Frequently Asked Questions

Does this keep the video, or just the audio?

Just the audio. This is an extraction: the H.264 video inside your AVCHD clip is discarded and only the soundtrack is written out as a WMA file. If you want to keep the picture too, convert AVCHD to MP4 instead, which re-encodes both the video and audio into a single playable file.

What audio does AVCHD actually contain, and does that affect the WMA quality?

AVCHD camcorders record one of two audio types. Most consumer models use Dolby AC-3 (Dolby Digital), which is already lossy — so extracting to WMA is a lossy-to-lossy transcode that can match but not exceed the source. Some professional models record uncompressed Linear PCM, which is lossless, so extracting that to WMA is a clean first-generation encode. Either way, keep the WMA bitrate at or above the source to keep any second-generation loss minimal.

Can WMA keep my AVCHD clip's 5.1 surround sound?

No. AVCHD AC-3 audio can carry up to 5.1 channels, but the standard WMA codec is limited to two channels, so any surround track is downmixed to stereo during extraction. There is no surround-capable WMA output here.
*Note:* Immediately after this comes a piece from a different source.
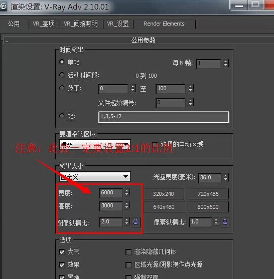 2、在渲染设置里设置宽高比为2:1(这里的宽高比例一定要是2:1,因为360全景图片宽高比必须为2:1,否则不保证制作的效果是360全景哦!要用PS中心调整为2:1比例才可继续使用。)为保证高平直,分辨率建议设置宽度至少10000像素。

If preserving more than two channels matters, extract to AAC instead, which supports multichannel audio.

I only see folders on my camcorder card — which file do I upload?
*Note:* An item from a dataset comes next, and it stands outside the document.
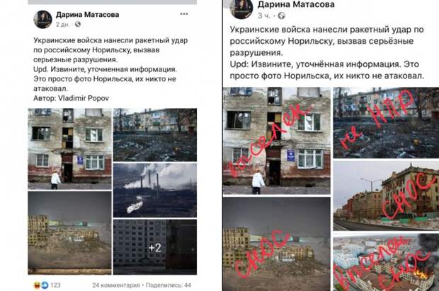 А норильчан обидела фотограф из Киева. Она распространила фото полуразрушенных зданий, уверяя, что это Норильск. Пост опубликовал телеграм-канал «Жить в Норильске», он вызвал бурное обсуждение — читатели оставили свыше 170 комментариев. Не во всех фотографиях жители узнали свой город. Судя по комментариям местных, одно изображение к Норильску отношения не имеет, это третье по счету фото. Норильчане обратили внимание на деревья и пояснили, что у них не растут деревья. На всех остальных изображены здания под снос.

AVCHD stores clips under PRIVATE/AVCHD/BDMV/STREAM/. Browse into that STREAM/ folder and upload the individual .MTS clip (it's .M2TS once copied to a computer). This tool takes the single stream file, not the whole card folder — uploading the top-level AVCHD directory won't work because it isn't a single media file.

Should I extract to WMA at all, or pick MP3 or AAC?

Pick WMA only when something on the Windows side specifically needs a .wma file — an old Windows Media Player library, a legacy program, or an older Windows-era device. WMA never spread far beyond that ecosystem, so Apple's Music app, most phones, and many web players don't handle it. For a soundtrack you'll edit, publish, or play across devices, AVCHD to MP3 or AVCHD to AAC is the more compatible choice.

Is a .avchd file the same as an MTS or M2TS file?

They're the same camcorder family. AVCHD is the recording format; the actual clips are .MTS files on the camcorder and .M2TS after import. A file named .avchd holds the same H.264 video with AC-3 or LPCM audio, so the audio extraction is identical whether your clip ends in .avchd, .mts, or .m2ts.

How are my files handled, and is there a size limit?

Your AVCHD clip is uploaded over an encrypted connection, processed on our servers, and deleted automatically a few hours after conversion — no sign-up, no watermark, never shared or made public. In our testing, the main practical limit is upload size and time rather than the extraction itself: an AVCHD clip carries full HD video alongside the audio, so a long recording can take a while to upload even though pulling out the soundtrack is quick.